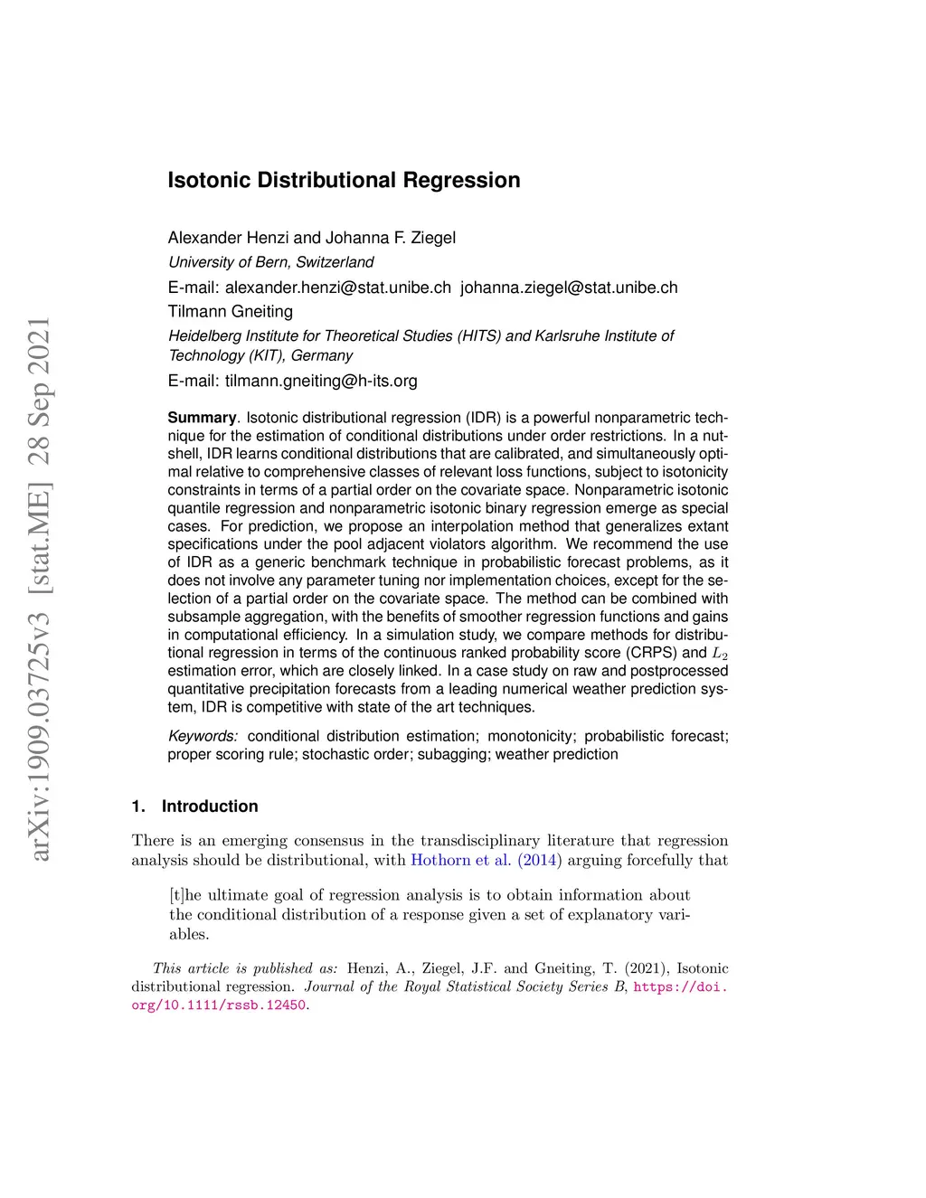 Isotonic Distributional Regression
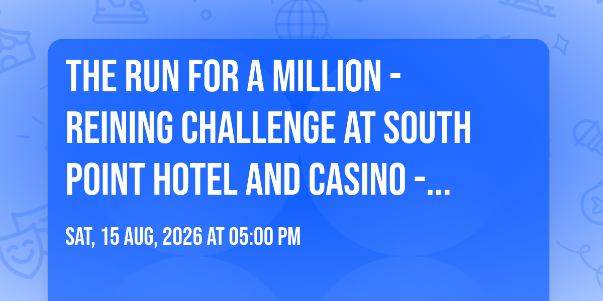🎉 Welcome to The Run for a Million - Reining Challenge at South Point Hotel and Casino - South Point Arena, where dreams come alive and possibilities are endless! 🏛️ Join us at South Point Hotel and Casino - South Point Arena in the heart of Las Vegas, NV for an event that defies expectations. 📅 On August 15th, 2026 at 06:00 PM, be part of something truly extraordinary as we bring together innovation, entertainment, and pure magic. ✨ Every aspect has been carefully designed to ensure an unforgettable experience for all our guests. Whether you're seeking adventure, inspiration, or simply a break from the ordinary, this event promises to deliver beyond your wildest dreams. 🎊 Prepare for a journey into the extraordinary!
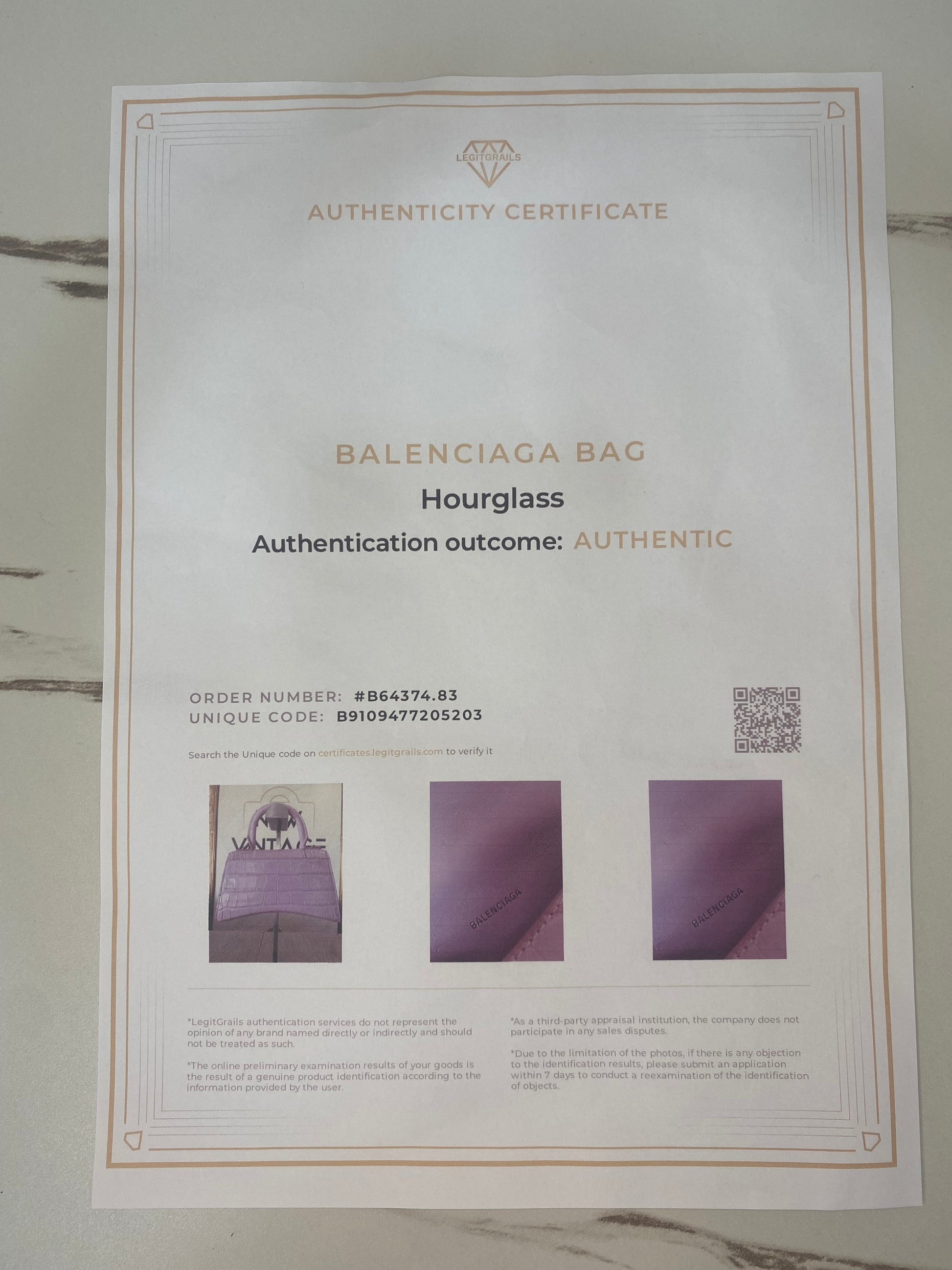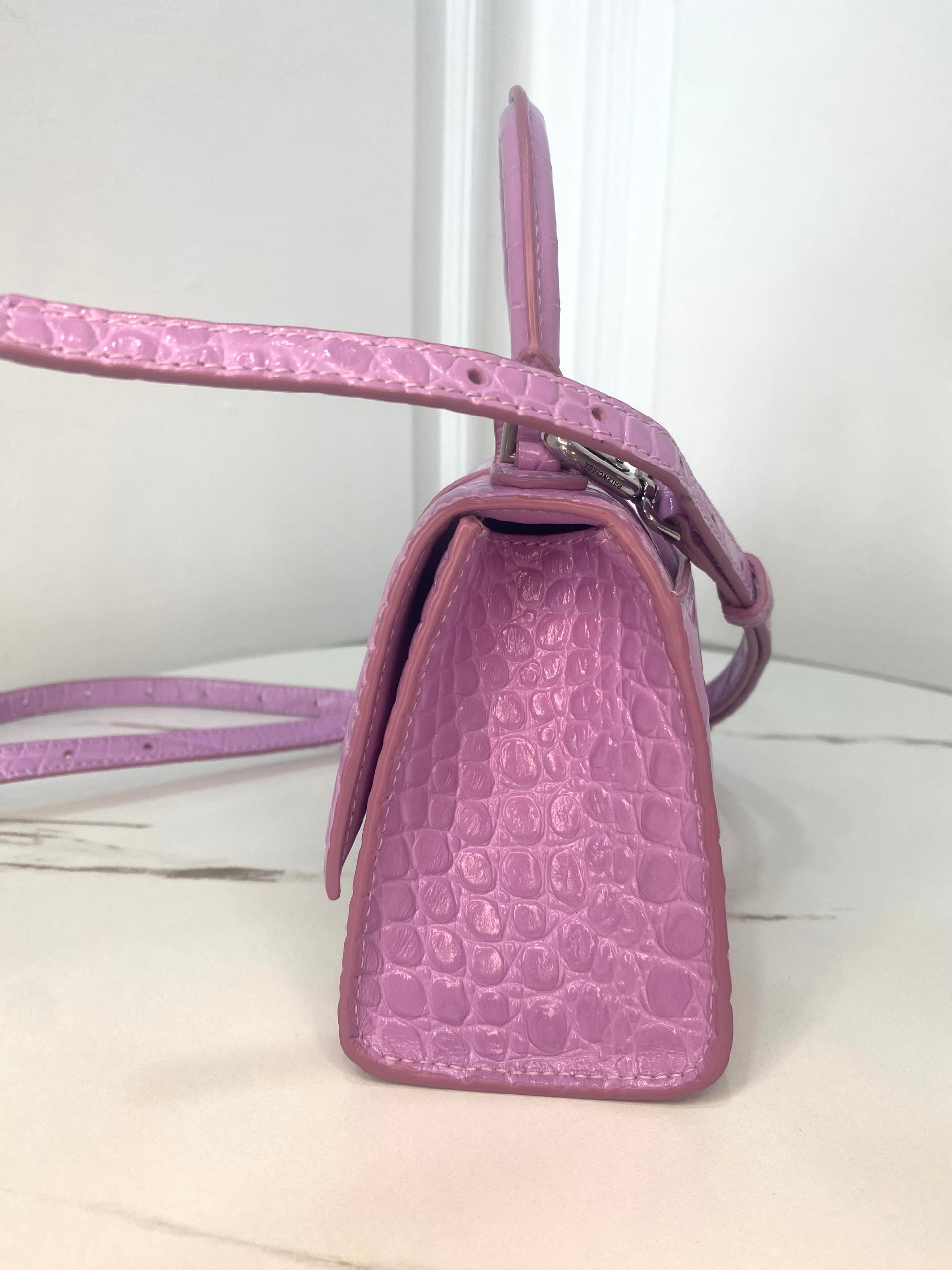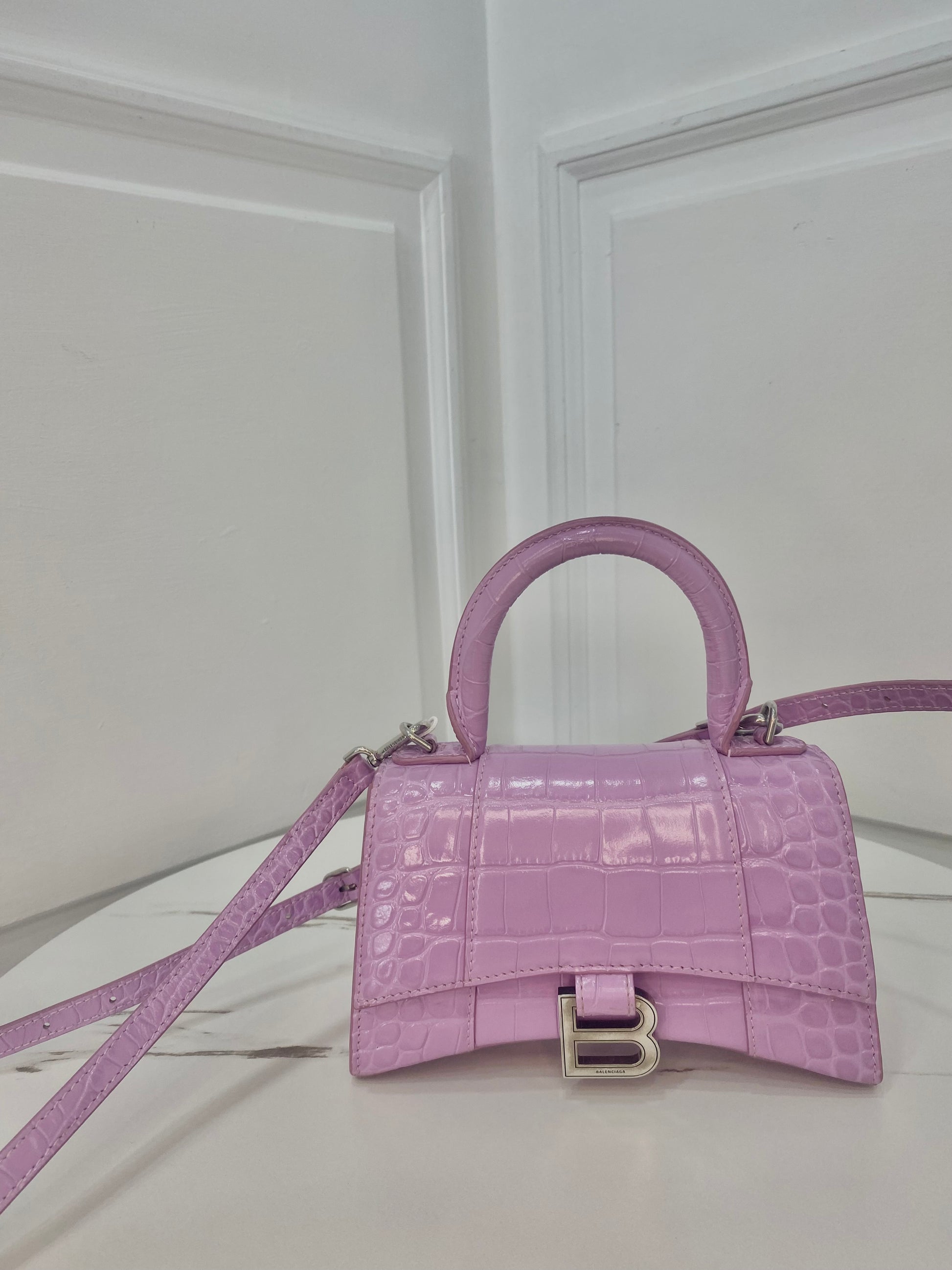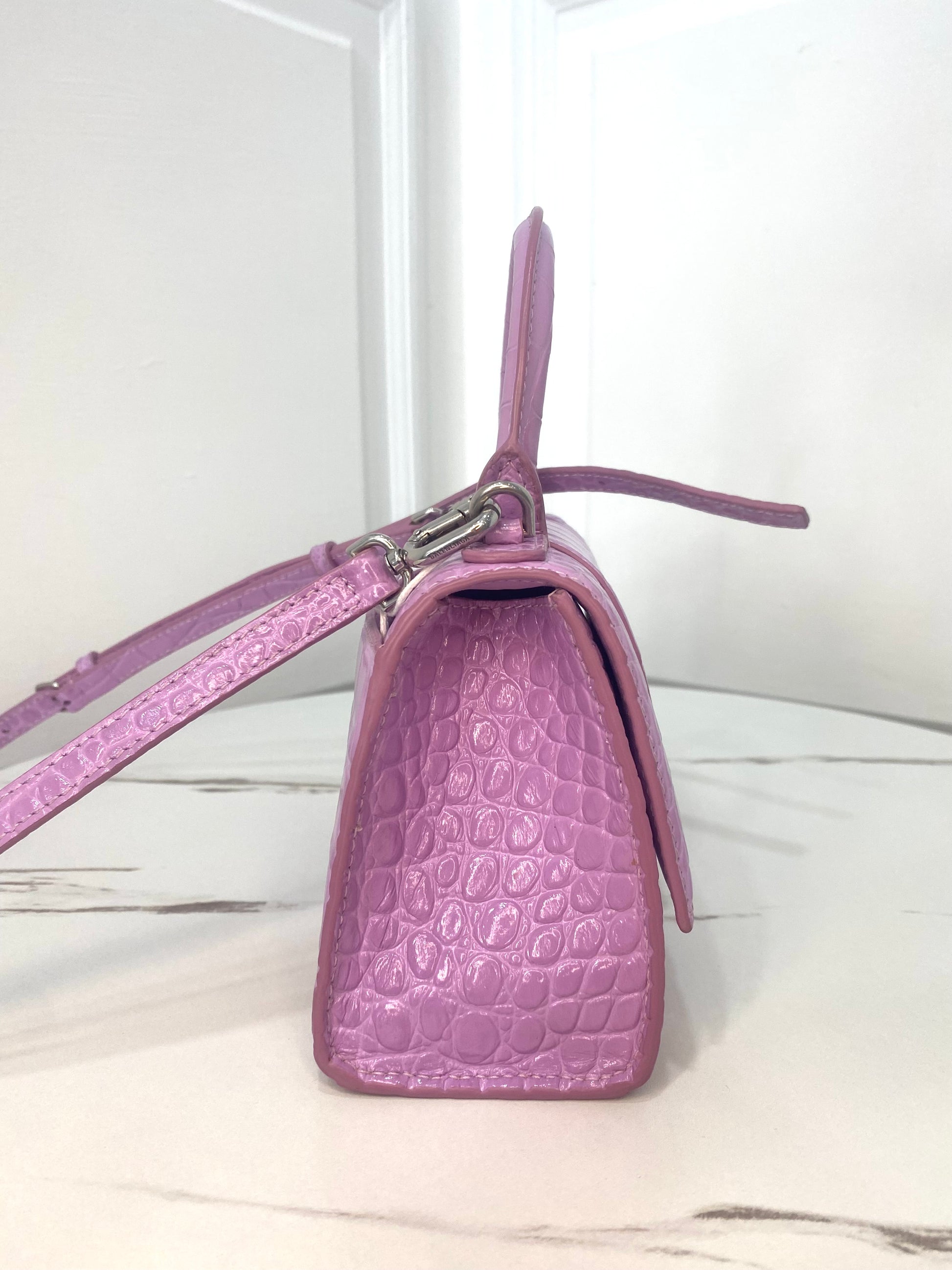 Borsa Balenciaga Hourglass XS in pelle lucida di vitello con lavorazione coccodrillo in color lilla. Manico rigido da indossare a mano o con tracolla staccabile. Chiusura magnetica e con logo B in argento.

-.-.-

## Assignment
Give again, word for word, only the lines from the line containing "into the extraordinary!" through the last line above, both included; leave the pictures out.

## Result of this task
🎉 Welcome to The Run for a Million - Reining Challenge at South Point Hotel and Casino - South Point Arena, where dreams come alive and possibilities are endless! 🏛️ Join us at South Point Hotel and Casino - South Point Arena in the heart of Las Vegas, NV for an event that defies expectations. 📅 On August 15th, 2026 at 06:00 PM, be part of something truly extraordinary as we bring together innovation, entertainment, and pure magic. ✨ Every aspect has been carefully designed to ensure an unforgettable experience for all our guests. Whether you're seeking adventure, inspiration, or simply a break from the ordinary, this event promises to deliver beyond your wildest dreams. 🎊 Prepare for a journey into the extraordinary!
 Borsa Balenciaga Hourglass XS in pelle lucida di vitello con lavorazione coccodrillo in color lilla. Manico rigido da indossare a mano o con tracolla staccabile. Chiusura magnetica e con logo B in argento.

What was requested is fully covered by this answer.